17:14I am becoming a legend.
17:15There are only Le Blanco.
17:17There are only RAS VACTOR, Le Blanco.
17:20I am dead, brother.
17:21What are you running around with, Le Blanco, over there?
17:22And what, for you, defines the character Le Blanco, overall?
17:25Main item.
17:26It's the mindset.
17:27And the answer in C***?
17:28Yes.
17:29I think I'm right here.
17:30I am monstrous.
17:3110 seconds.
17:32It's truly monstrous.
17:33I'm letting go of the keyboard.
17:36The keyboard.
17:38You're aiming for the podium with this one.
17:39Yes yes.
17:40Look, nothing is right, quite simply.

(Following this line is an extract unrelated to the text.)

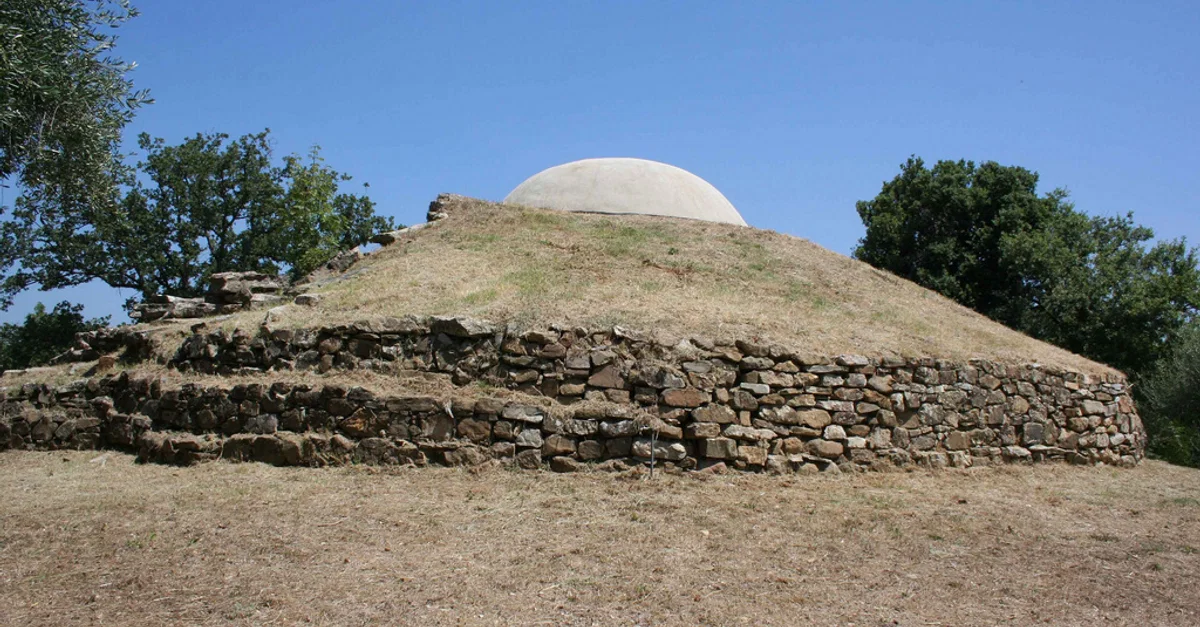 Las tumbas de túmulo continuaron construyéndose durante el siglo VII a.C., pero a una escala más grande, algunas con base de piedra elevada de 70 metros de diámetro y con múltiples cámaras. Están revestidas con losas de piedra y rodeadas por un número de tumbas en zanja mas pequeñas. Una de tales tumbas, el túmulo de Pietrera, tiene una cámara sencilla con un techo en voladizo sostenido por una única columna. Contenía ocho figuras femeninas y masculinas, casi de tamaño natural, todas de pie, talladas en piedra caliza.

17:44Okay, it's going straight away.
17:47I offer you my whiteboard.
17:48Oh yes ?
17:49Always use the knife, that's important.
17:50With the small knife.
17:51The guy is threatening in all circumstances.
17:53I slay.
17:54I'm sending a nice note.
17:55I slay.
17:56I'm sending a very nice note about that.
17:57Ah, that makes me happy.
17:58Ah, it's Vince.
17:59No.
18:01Pretty, pretty.
18:01What are we reading here?
18:02Because Blanco doesn't wear pants, as far as I remember.
18:06It's true.
18:06Ah yes, that's right.
18:07The hat is nice.
18:08The glasses are interesting.
18:09You're so on theme.
18:10Hey bro, I sanded it, I sanded it, look at that, it slays.
18:14And finally.
18:15Oh dear, how unseemly.
18:18Ah yes, so there?
18:19But there's nothing there.
18:21There's absolutely nothing there.
18:22It's complicated, very complicated to rate this Leblanco.
18:25It's hard, it's hard, it's hard.
18:26Kemar, you're going to be able to prove to us that Inspector Leblanco is not just a character.
18:32Yes.
18:32There are outfits waiting for you on the couch, guys.
18:35We need your help with an investigation.
18:38Go for it.
18:39Um, Manon?
18:40We're cosplaying Leblanco.
18:45Four people will take turns going in front of you.
18:49Yes.
18:50Among them, only one is named Tibalt.
18:53Tibalt?
18:54It's up to you to find out which one.
18:56Any resemblance to an existing format is purely coincidental.
19:00Yeah, I understand.
19:00So.
19:01Big shout out to the squeeze.
19:02Good morning.
19:04What is your name?
19:05Bah, Tibalt.
19:06Yeah, that's wrong.
19:07Ah!
19:08That's crazy.
19:08There's nothing Tibalt about it.
19:10I believed him, you can see it in his eyes.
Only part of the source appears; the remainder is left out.